Task objective → Transcribe only the lines of the listing below from the one holding "源自化州原产地,取自3年陈橘红果切片,表皮绒毛金黄,冲泡后果香味浓、汤色清亮。" through the one holding "Hami hráškovo-kukuričné pyré", inclusive, without any change.

══ Data section ══

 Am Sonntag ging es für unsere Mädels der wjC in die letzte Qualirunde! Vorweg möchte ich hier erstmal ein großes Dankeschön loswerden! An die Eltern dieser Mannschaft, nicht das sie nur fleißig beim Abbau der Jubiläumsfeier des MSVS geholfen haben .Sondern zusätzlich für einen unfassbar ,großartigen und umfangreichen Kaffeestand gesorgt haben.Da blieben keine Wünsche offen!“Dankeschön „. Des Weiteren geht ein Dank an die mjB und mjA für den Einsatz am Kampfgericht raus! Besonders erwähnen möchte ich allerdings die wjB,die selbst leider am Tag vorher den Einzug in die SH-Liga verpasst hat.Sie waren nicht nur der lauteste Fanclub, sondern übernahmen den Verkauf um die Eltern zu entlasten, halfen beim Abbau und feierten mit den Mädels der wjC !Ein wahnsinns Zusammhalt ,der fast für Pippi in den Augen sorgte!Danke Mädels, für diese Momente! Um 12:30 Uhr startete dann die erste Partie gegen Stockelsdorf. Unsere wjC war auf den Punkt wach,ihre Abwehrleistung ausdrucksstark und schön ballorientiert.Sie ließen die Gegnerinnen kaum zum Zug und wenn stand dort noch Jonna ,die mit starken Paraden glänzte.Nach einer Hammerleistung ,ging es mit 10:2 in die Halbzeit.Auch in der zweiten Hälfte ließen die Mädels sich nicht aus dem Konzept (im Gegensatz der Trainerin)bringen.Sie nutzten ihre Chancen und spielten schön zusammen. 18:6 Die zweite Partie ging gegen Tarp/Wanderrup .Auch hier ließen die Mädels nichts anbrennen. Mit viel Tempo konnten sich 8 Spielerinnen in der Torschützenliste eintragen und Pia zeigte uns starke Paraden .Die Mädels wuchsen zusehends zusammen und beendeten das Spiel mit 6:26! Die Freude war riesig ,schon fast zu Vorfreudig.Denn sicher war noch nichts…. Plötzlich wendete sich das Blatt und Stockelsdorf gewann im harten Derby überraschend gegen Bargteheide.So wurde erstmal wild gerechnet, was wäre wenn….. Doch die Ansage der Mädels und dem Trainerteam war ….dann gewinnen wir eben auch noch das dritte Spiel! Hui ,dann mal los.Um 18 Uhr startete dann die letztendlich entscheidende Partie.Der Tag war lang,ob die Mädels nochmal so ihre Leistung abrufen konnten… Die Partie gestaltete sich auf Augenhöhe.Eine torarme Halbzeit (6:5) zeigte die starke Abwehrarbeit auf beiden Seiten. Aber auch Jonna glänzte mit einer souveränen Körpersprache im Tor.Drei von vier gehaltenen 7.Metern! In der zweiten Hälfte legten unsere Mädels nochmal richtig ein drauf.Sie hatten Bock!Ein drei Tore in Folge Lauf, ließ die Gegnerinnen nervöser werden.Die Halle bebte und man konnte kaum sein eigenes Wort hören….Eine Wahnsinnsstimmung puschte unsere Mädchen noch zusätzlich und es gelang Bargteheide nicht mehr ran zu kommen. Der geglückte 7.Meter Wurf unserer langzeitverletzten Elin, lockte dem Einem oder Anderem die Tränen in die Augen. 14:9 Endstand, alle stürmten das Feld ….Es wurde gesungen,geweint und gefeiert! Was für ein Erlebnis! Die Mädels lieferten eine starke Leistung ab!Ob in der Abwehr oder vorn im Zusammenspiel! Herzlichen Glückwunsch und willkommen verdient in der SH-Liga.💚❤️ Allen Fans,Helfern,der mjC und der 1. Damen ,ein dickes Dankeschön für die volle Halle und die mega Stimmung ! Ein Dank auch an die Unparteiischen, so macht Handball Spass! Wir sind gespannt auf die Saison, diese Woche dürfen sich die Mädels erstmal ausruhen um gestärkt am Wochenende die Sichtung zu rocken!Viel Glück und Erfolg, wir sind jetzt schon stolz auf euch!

═══
══ Data section ══

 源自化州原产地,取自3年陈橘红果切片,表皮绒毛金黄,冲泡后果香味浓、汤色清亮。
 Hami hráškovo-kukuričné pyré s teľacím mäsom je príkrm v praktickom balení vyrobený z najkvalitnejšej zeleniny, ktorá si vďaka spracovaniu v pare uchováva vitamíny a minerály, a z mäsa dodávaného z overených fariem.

═══
══ Data section ══

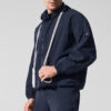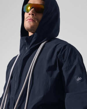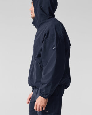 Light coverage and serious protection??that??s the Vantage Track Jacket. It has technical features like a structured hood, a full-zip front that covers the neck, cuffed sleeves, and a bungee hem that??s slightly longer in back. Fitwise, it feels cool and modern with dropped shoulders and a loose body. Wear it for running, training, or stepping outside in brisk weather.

═══

Task solution →
 源自化州原产地,取自3年陈橘红果切片,表皮绒毛金黄,冲泡后果香味浓、汤色清亮。
 Hami hráškovo-kukuričné pyré s teľacím mäsom je príkrm v praktickom balení vyrobený z najkvalitnejšej zeleniny, ktorá si vďaka spracovaniu v pare uchováva vitamíny a minerály, a z mäsa dodávaného z overených fariem.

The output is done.